In the ED scenario, rapid urbanization resulting from the labor force transfer prompted by economic development leads to continuous expansion of urban space and an increasingly dense traffic network. In response, the environmental problems will become increasingly serious. In order to ensure regional economic development of the Yangtze River Delta urban agglomeration under these conditions, the land-use structure should be rationally optimized. Cultivated land, forest land, grassland, and wetland should be steadily decreased, and the land-use efficiency should be improved, enabling a reasonable increase in the urban land area. Compared with the baseline scenario (historical development scenario), the main landscape in the Yangtze River Delta urban agglomeration under this development scenario is still farmland (with the paddy field accounting for 36.95%, dry land 8.65%). However, the paddy field area decrease rate is lower than that of the historical development scenario, which is 2260.67 km2 more than that of the historical development scenario, and the dry land area decreases. The urban land area accounts for 16.31%—1812.79 km2 less than that of the historical development scenario. The possible reason is the Chinese government policies about urban development: strictly controlling the size of large cities, rationally developing medium-sized cities, and actively developing small towns. The wetland area reduces by 490.63 km2 compared with the baseline scenario and accounts for 7.76%. Forest area accounts for 26.89%, a 1229.89 km2 decrease compared with current conditions, but increasing 61.71 km2 compared with the baseline scenario. Grassland accounts for 3.42%, a 14.92 km2 increase compared with the baseline scenario. It is closely related to the policy of returning farmland to forest and grassland. Meanwhile, it should be noted that wetland is vital, and more effort is needed to be paid to protect the wetland. The rest of the unused land remains unchanged.

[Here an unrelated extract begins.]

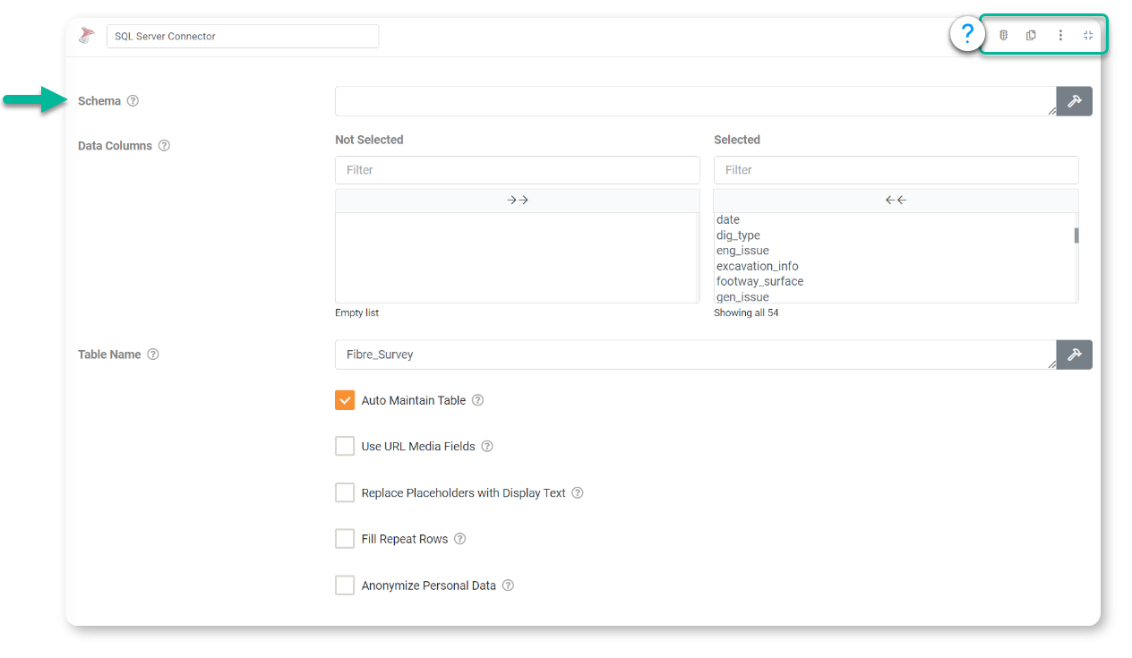After adding and authenticating a SQL Server Connection, you can add Data Source Connectors to pull data from a database or push data on form submissions using Form Connectors.

The Yangtze River Delta urban agglomeration has excellent geographical conditions and natural endowments. Most areas are mainly cultivated land and forest land, and wetlands account for a large proportion of the area. Ecological environment protection is particularly important. In consideration of the above factors, the ecological protection scenario (EP) was set up. In 2015, the area of forestland, grassland, and wetland in the Yangtze River Delta urban agglomeration will cover 38.74% of the total area, and the area of forestland, grassland, and wetland will remain stable in 2035. Under the ecological protection scenario, the arable land area was still the main landscape, accounting for 45.7% of the total area. Compared with the baseline scenario, the paddy field increased by 2394.21 km2, and the dry land increased by 44.26 km2. The area of forest land accounted for 27.39%, which was 1090.51 km2 more than that of baseline scenario. Under the ecological protection scenario, the urban construction land area accounts for 15.53% of land use, which is 3427.3 km2 less than the baseline scenario, and urban expansion is effectively controlled. It reveals that rationally controlling city size can avoid loss of forest land. In this scenario, the wetland area accounted for 3.41%, which was slightly reduced by 110.52 km2 compared with the baseline scenario. The unused land area remains the same.

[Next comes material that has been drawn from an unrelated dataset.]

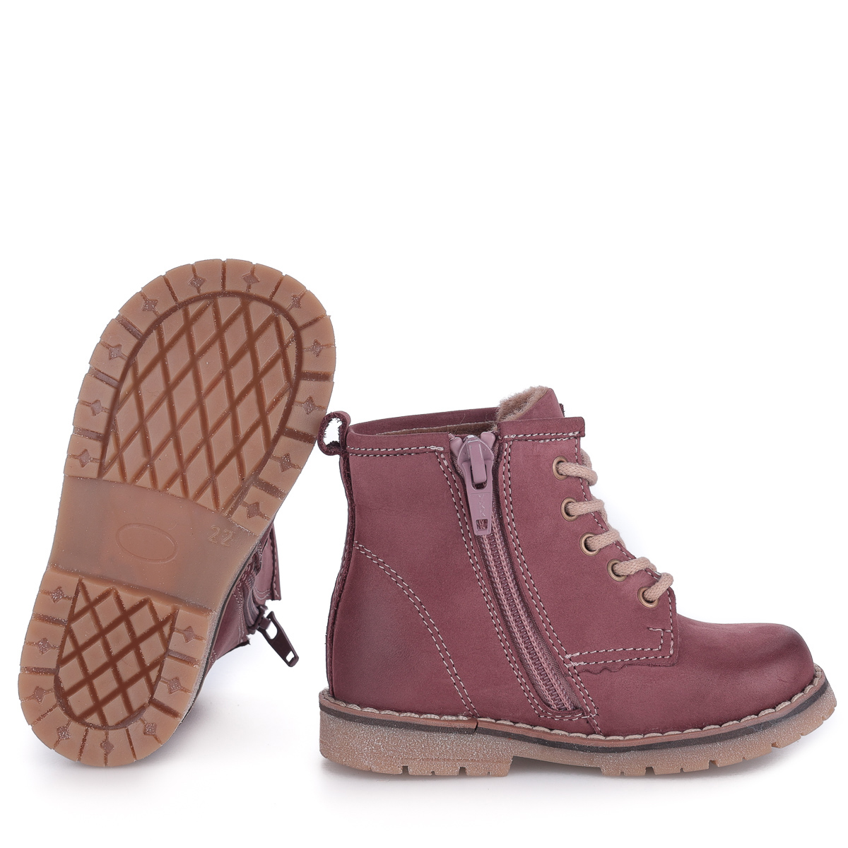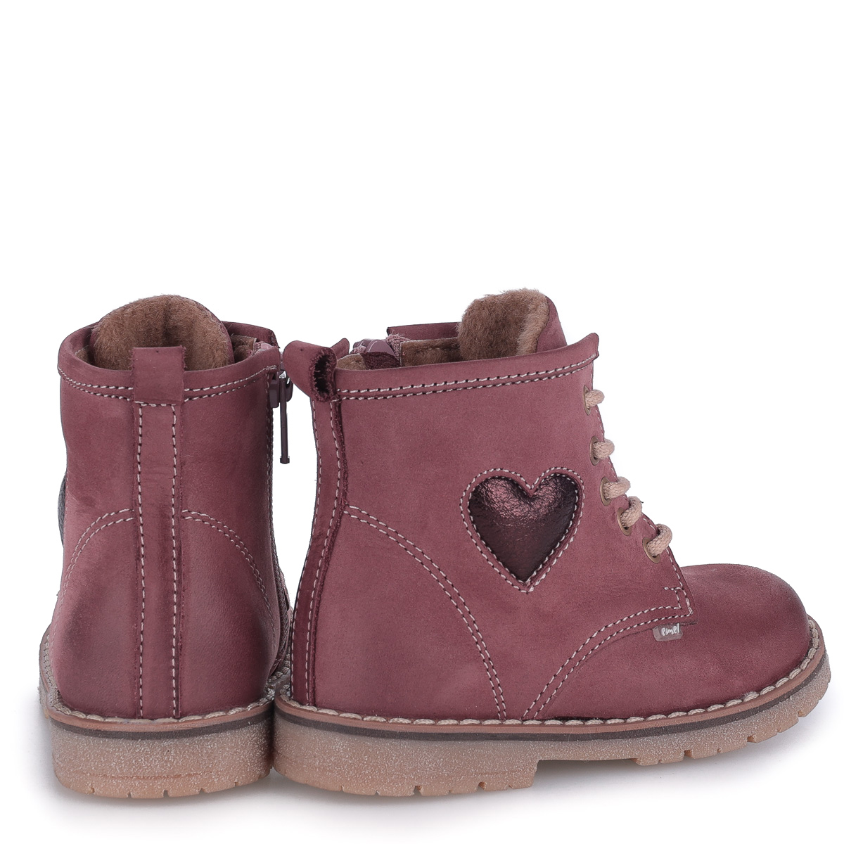 Bergen – fioletowe trzewiki dziecięce z nubuku z błyszczącym serduszkiem

In the CSE scenario, social and economic development, ecological environment protection, and other factors were examined comprehensively. In this scenario, the arable land area was still the main landscape, accounting for 45.65% of the total area. Compared with the baseline scenario, paddy fields increased by 2294.21 km2, and dry land increased by 34.26 km2. The area of forest land accounted for 27.39%, which was 800.51 km2 more than that of the baseline scenario. Under ecological protection, the urban construction land area accounts for 15.81% of land use, which is 2858.55 km2 less than the baseline scenario, and urban expansion is effectively controlled. In this scenario, grassland area accounted for 3.41%, which increased slightly compared with the baseline scenario. Compared with the baseline scenario, the wetland area decreased slightly, which was 286.00 km2. The unused land area remains the same. The land-use change trend in the CSE scenario is similar to that in the EP scenario, but slightly different in the extent. The probable reason is the difference in ELSA.

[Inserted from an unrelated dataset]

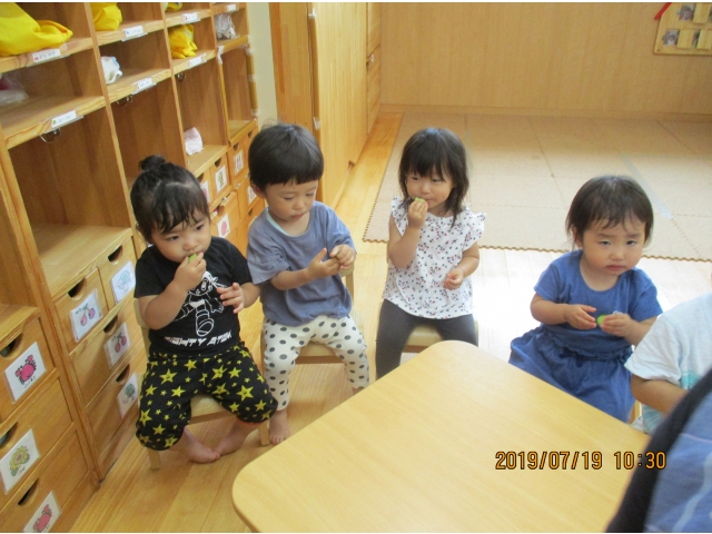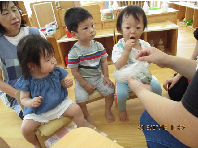 きゅうりが苦手な子も、1口パクっと食べると、美味しさがわかったのか、パクパクと沢山食べる姿が多く見られました♡♡また、きゅうりの味が苦手な子も、塩味のきゅうりなら、パクパク食べる姿もあり、食育活動の素晴らしさを、改めて感じることが出来ました(#^^#)

3.3. Comparative Analysis of Ecosystem Pattern Changes under Different Scenarios

The patch number (NP), landscape shape index (LSI), Simpson’s diversity index (SIDI), Shannon’s evenness index (SHEI), contagion (CONTAG), and aggregation index (AI) were selected to evaluate land-use landscape patterns comprehensively under different scenarios. Compared with the baseline scenario, the NP, SHDI, and SHEI were significantly higher than those of other scenarios, while the LSI, CONTAG, and AI degree were lower. These results indicate that, in this scenario, there is a high degree of patch fragmentation, heterogeneity, and anthropogenic interference, a low degree of connectivity and aggregation, and a high degree of diversity. In comparison, the integrated scenario showed a low degree of fragmentation and anthropogenic interference, and a high degree of connectivity and aggregation. In the ecological protection scenario, the NP and LSI were higher than those in both the development and comprehensive development scenarios, but mainly resulted from the restoration of the forest and wetland area.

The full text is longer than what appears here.